Dorzolamide

Absorption

Dorzolamide readily penetrated into the eye in animal studies. Upon ophthalmic administration, dorzolamide is absorbed via the cornea and stroma. Dorzolamide is reported to be absorbed systematically following topical administration. The systemic exposure of dorzolamide following long-term administration was assessed in healthy subjects receiving an oral dose of 2 mg dorzolamide twice daily, which equates to the ophthalmic dose of 2% dorzolamide three times daily. In these subjects receiving the treatment for 20 weeks, the steady-state was reached within 8 weeks.

Toxicity

The oral LD50 of dorzolamide is 1927 mg/kg in rats and 1320 mg/kg in mice. The subcutaneous LD50 is >2 g/kg in both rats and mice.
Overdose may result in electrolyte imbalance, acidosis, and possibly central nervous system effects; these symptoms should be responded with appropriate supportive treatment. It is advised that the patient's serum electrolyte (particularly potassium) levels and blood pH levels are monitored in the case of a suspected overdose.

The Uses of Dorzolamide

Dorzolamide is an intermediate in synthesizing N-Acetyl Dorzolamide (A173640), a useful synthetic compound.

The Uses of Dorzolamide

Carbonic anhydrase inhibitor.

Background

Dorzolamide is a non-bacteriostatic sulfonamide derivative and topical carbonic anhydrase (CA) inhibitor that treats elevated intraocular pressure (IOP) associated with open-angle glaucoma and ocular hypertension. It works by blocking an enzyme in the ciliary process that regulates ion balance and fluid pressure in the eyes. Unlike oral CA inhibitors, dorzolamide has negligible effects of acid-base or electrolyte disturbances and other systemic adverse effects.
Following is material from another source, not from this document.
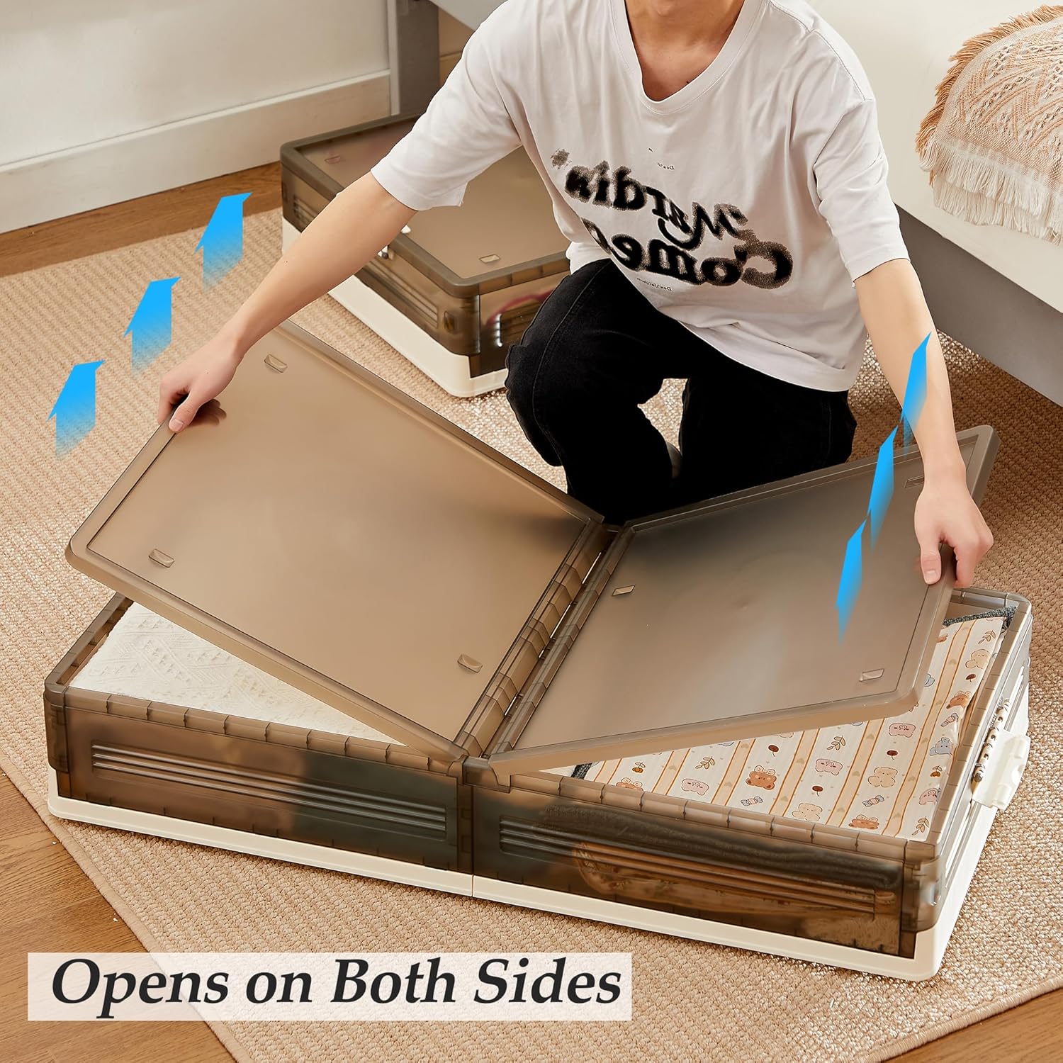 - 【Foldable Storage Boxes】Our storage bins with lids under bed are easy to assemble – simply unfold the four sides, connect them, and add the lid and wheels. When not in use, you can fold them and place under bed storage containers plastic in a corner or under the sofa, saving a significant amount of space.

First marketed in 1995, dorzolamide is available in ophthalmic solutions as monotherapy marketed as Trusopt or in combination with timolol as Cosopt PF.

Indications

Dorzolamide is indicated for the management of elevated intraocular pressure in patients with ocular hypertension or open-angle glaucoma. It can also be used in combination with timolol for the same indication in patients who are insufficiently responsive to ophthalmic beta-blockers.
Its pre-operative use was also investigated to prevent elevated intraocular pressure after neodynium yttrium aluminum garnet laser posterior capsulotomy.

Definition

ChEBI: 5,6-Dihydro-4H-thieno[2,3-b]thiopyran-2-sulfonamide 7,7-dioxide in which hydrogens at the 4 and 6 positions are substituted by ethylamino and methyl groups, respectively (4S, trans-configuration . A carbonic anhydrase inhibitor, it is used as the hydrochloride in ophthalmic solutions to lower increased intraocular pressure in the treatment of open-angle glaucoma and ocular hypertension.

brand name

Trusopt (Merck).

Pharmacokinetics

Dorzolamide is a carbonic anhydrase inhibitor that reduces elevated intraocular pressure in open-angle glaucoma or ocular hypertension. When used in combination with topic beta-adrenergic antagonists, dorzolamide has an additive effect of lowering intraocular pressure. The peak ocular hypotensive effect of dorzolamide is observed at about 2 hours following ophthalmic administration.

Metabolism

Dorzolamide is slowly metabolised to N-desethyldorzolamide, which has a less potent pharmacological activity on CA-II and some inhibitory effect on CA-I. Like the parent drug, N-desethyldorzolamide is also stored in RBCs, where it binds to CA-I. The findings of an in vitro study using liver microsomes from Sprague-Dawley rats suggest the involvement of CYP2B1, CYP2E1, and CYP3A2 in the metabolism of dorzolamide in rat liver.